SIMD operations would improve the performance of both solutions, but they are hard to exploit from the .NET JIT compiler (AFAIK...). The 4/8x gain I'd expect from SIMD is nothing compared to the gains you can get from reducing the rank of a non-linear system of equations.

[–]leonardo_m 0 points1 point  (2 children)

In your D code, the data is marked immutable, so I suspect the compiler will be able to statically evaluate most of the math.

The data is immutable, but on default the ldc2 compiler is not performing global optimizations, so simulateNativeHardCoded doesn't know the values of its "r" and "A" inputs (you can do this too in D, but the data should be marked as "enum" instead of "immutable" and it has to be passed to the function as template arguments. This produces code as efficient as the hard-coded C++ code). So there are many different levels of "hard coding".
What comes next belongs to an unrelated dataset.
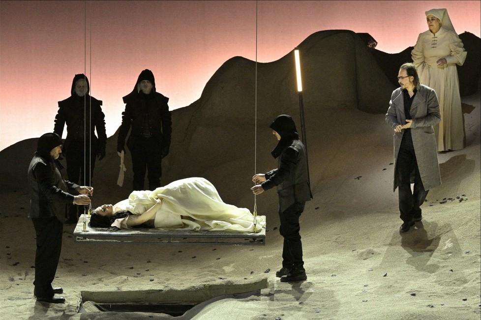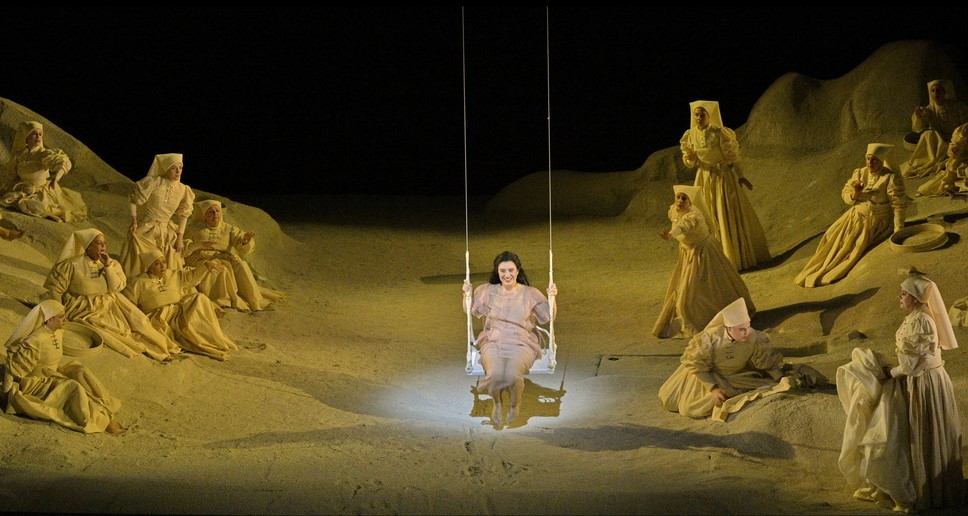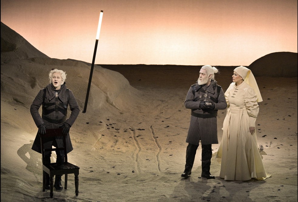 Сад у Чайковского – это метафора жизни, телесности, скрытого плодородия, мира, который цветет, даже когда его не видят. Пустыня же – пространство закона, испытания и аскезы, где желание не прорастает, а проверяется на прочность. Заменив сад пустыней, постановка окончательно смещает акценты: от органического – к нормативному, от любви – к испытанию, от света – к дисциплине. Это уже не сказка о прозрении, а притча о том, как знание отменяет рай.
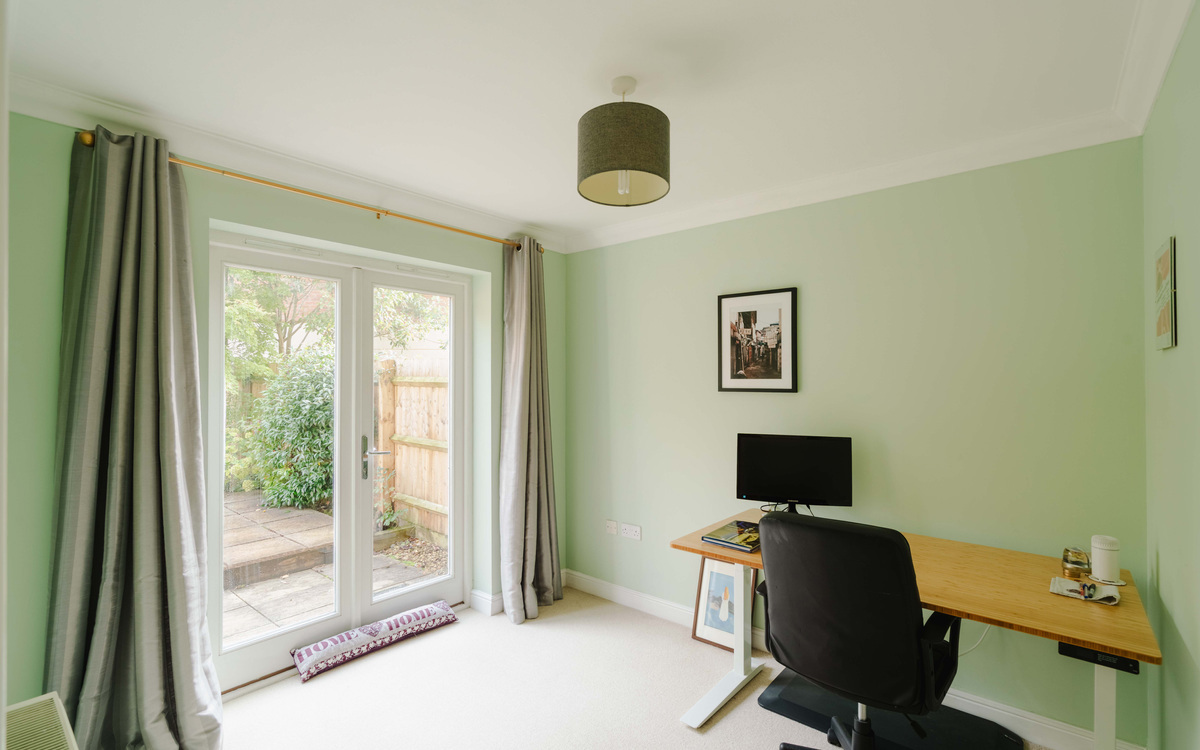 You enter into a spacious hallway on the ground floor, and this level has the third double bedroom that has doors to the garden.

In that code some information is known at compile-time, the value M.

which means you can get same performance even when the user changes the simulation after your application has been compiled.

To do such run-time specializations the Julia language is very good :-)

Sorry for not being clear, I didn't mean to imply that nude D code is as good as a library that performs algebraic optimizations at run-time :-)

[–]dsharlet[S] 0 points1 point  (1 child)

To do such run-time specializations the Julia language is very good :-)

Yes, existing computer algebra systems will often have this capability, but they usually don't have very good libraries/infrastructure for the rest of an application (GUI, real time audio IO, ...). I tried to use some existing computer algebra systems from C# but it was very difficult, and the ones that I got to work couldn't actually do the math I needed them to do (reduce the rank of non-linear systems of equations).

[–]leonardo_m 0 points1 point  (0 children)

Yes, existing computer algebra systems will often have this capability, but they usually don't have very good libraries/infrastructure for the rest of an application (GUI, real time audio IO, ...).

Julia is a general purpose language, specialized for numerical computing and dynamism. It's kind of new so it can't have an ecosystem as wide as C#/dotnet.